→ **COLLECTED MATERIAL**
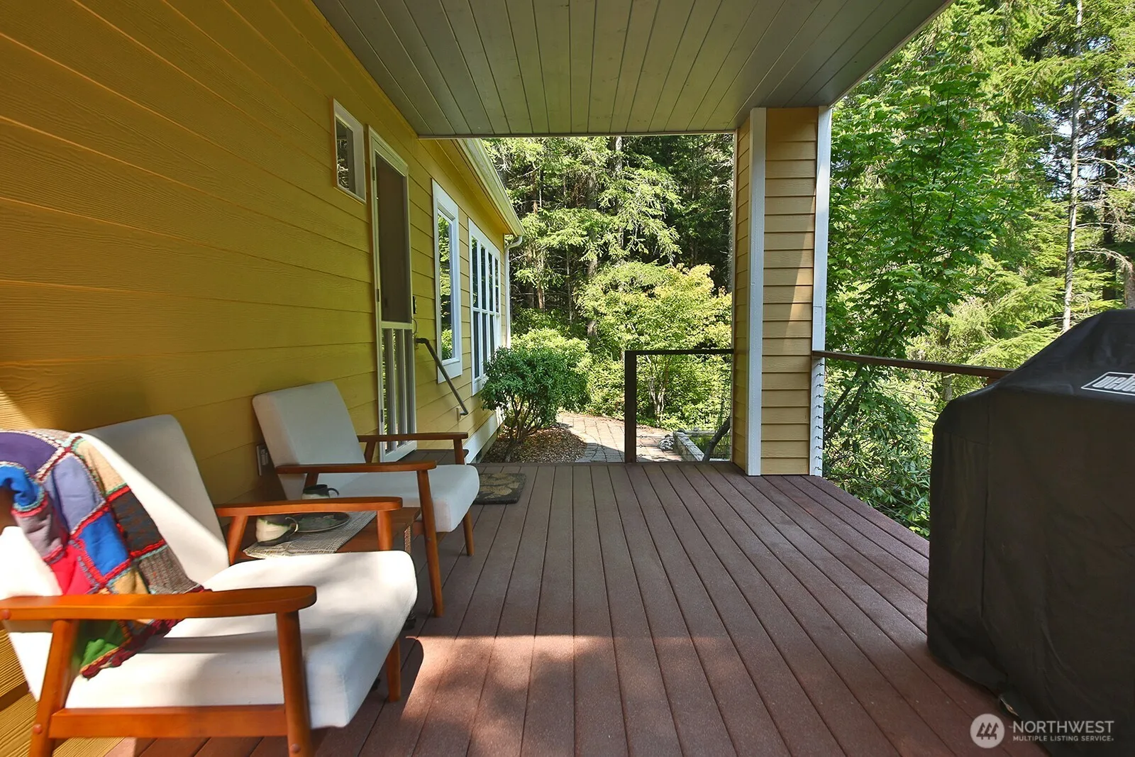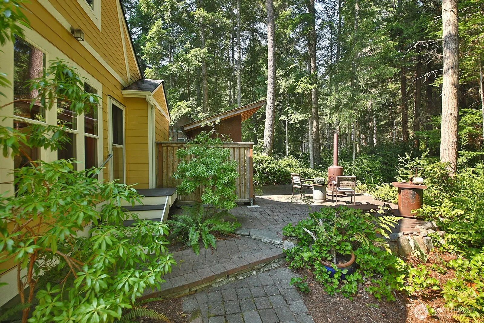 This beautiful custom home is perched just alongside the amazing Putney Woods trail system making recreation or walks peaceful and effortless. Warm, well cared-for home is full of updates including a new roof in 2025. Maple hardwood floors, cherry cabinets and wool carpeting add grounding to colorful interior spaces. There are skylights everywhere! Big banks of windows frame views into the forest, ringed (extra specially!) with wild rhododendrons. A soaring ceiling creates an inspired second floor main suite. The detached garage is two separate bays affording plenty of room for toys and tools. Two expansive patios, big covered deck, Finlandia sauna and an orchard garden with chicken coop and greenhouse nestle in a low-maintenance landscape!
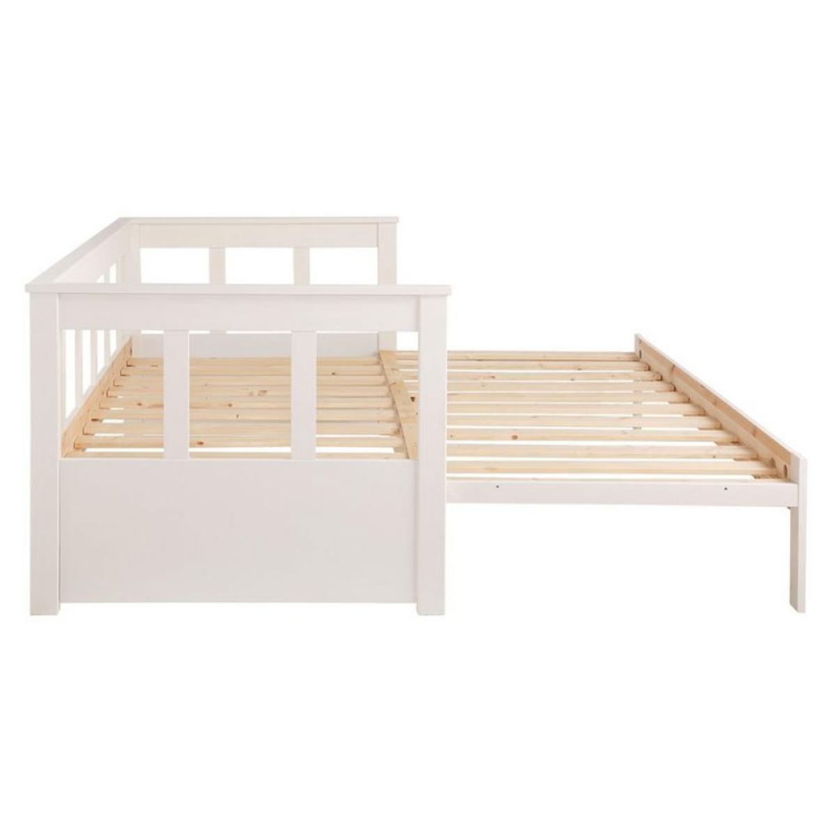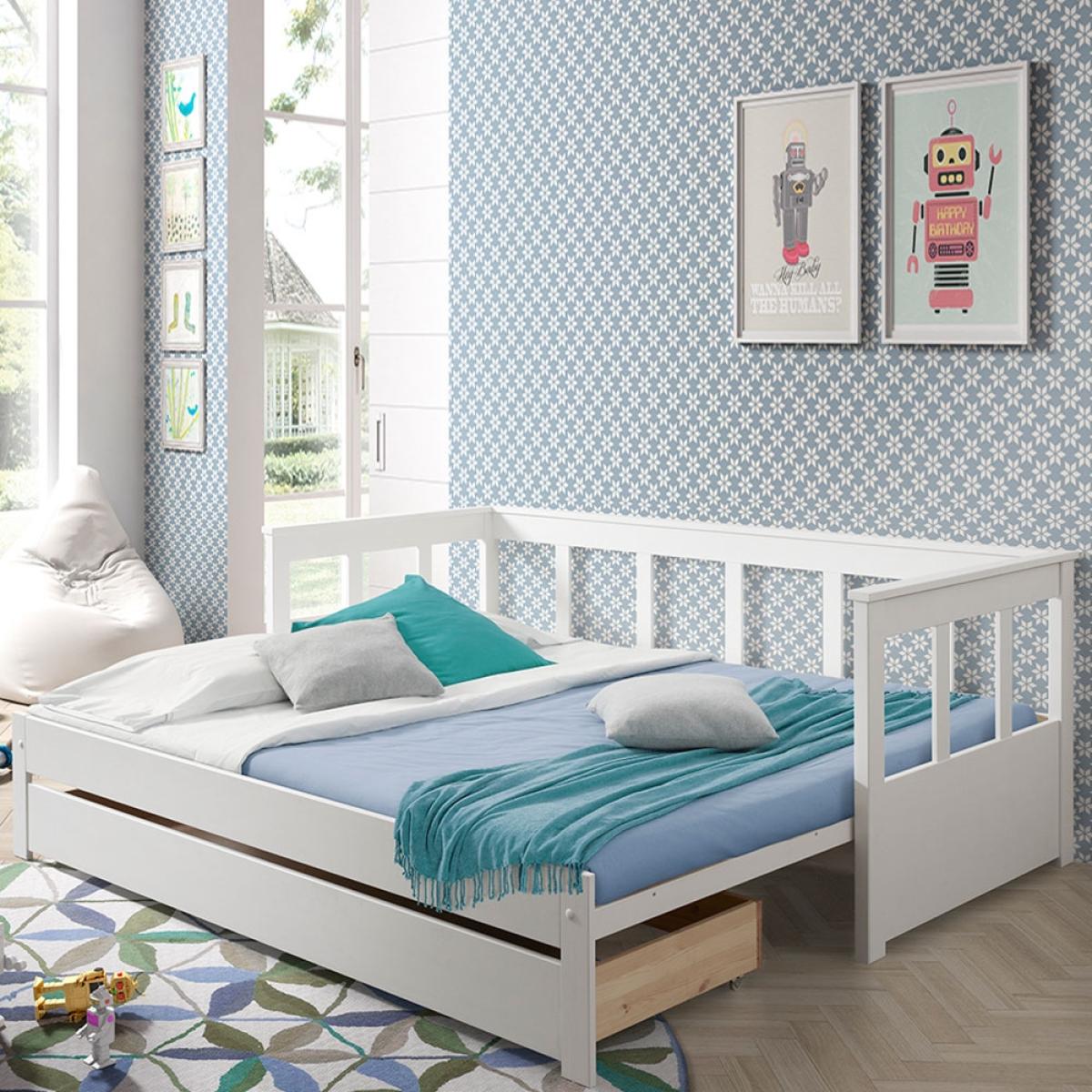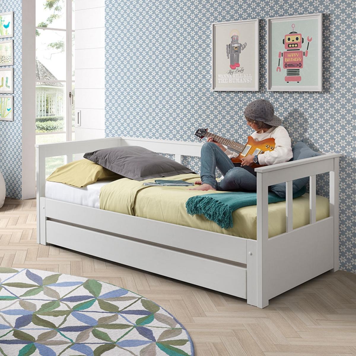 The Pino Day Bed with Pull Out Bed is not only great for sleeping, but it's also the ideal spot to lounge. Manufactured from solid Scandinavian pine, this bed is sure to suit any style bedroom no matter your interior style. The perfect place to relax during the day with a good book or to get cosy with a film,then when the evening rolls around transforms it into a comfy spot to sleep. What's more, with the pull out bed (extending to 180cm!), putting up those unexpected guests will be as easy as 1, 2, 3!.
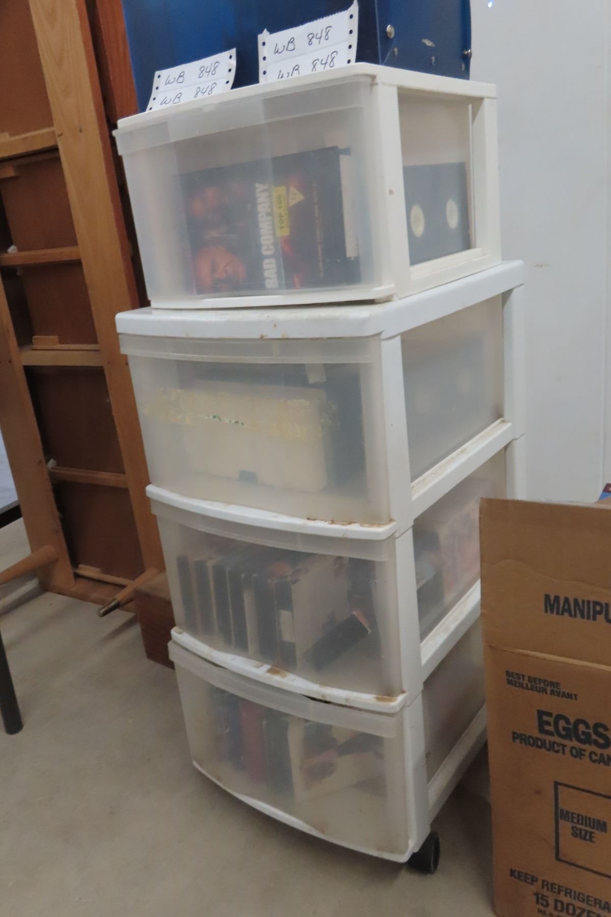 150 VHS 3 Drawer Plastic Organizer and DVD's

→ **TASK ITEM**
Reproduce the data verbatim and omit each image.

→ **ANSWER SPACE**
 This beautiful custom home is perched just alongside the amazing Putney Woods trail system making recreation or walks peaceful and effortless. Warm, well cared-for home is full of updates including a new roof in 2025. Maple hardwood floors, cherry cabinets and wool carpeting add grounding to colorful interior spaces. There are skylights everywhere! Big banks of windows frame views into the forest, ringed (extra specially!) with wild rhododendrons. A soaring ceiling creates an inspired second floor main suite. The detached garage is two separate bays affording plenty of room for toys and tools. Two expansive patios, big covered deck, Finlandia sauna and an orchard garden with chicken coop and greenhouse nestle in a low-maintenance landscape!
 The Pino Day Bed with Pull Out Bed is not only great for sleeping, but it's also the ideal spot to lounge. Manufactured from solid Scandinavian pine, this bed is sure to suit any style bedroom no matter your interior style. The perfect place to relax during the day with a good book or to get cosy with a film,then when the evening rolls around transforms it into a comfy spot to sleep. What's more, with the pull out bed (extending to 180cm!), putting up those unexpected guests will be as easy as 1, 2, 3!.
 150 VHS 3 Drawer Plastic Organizer and DVD's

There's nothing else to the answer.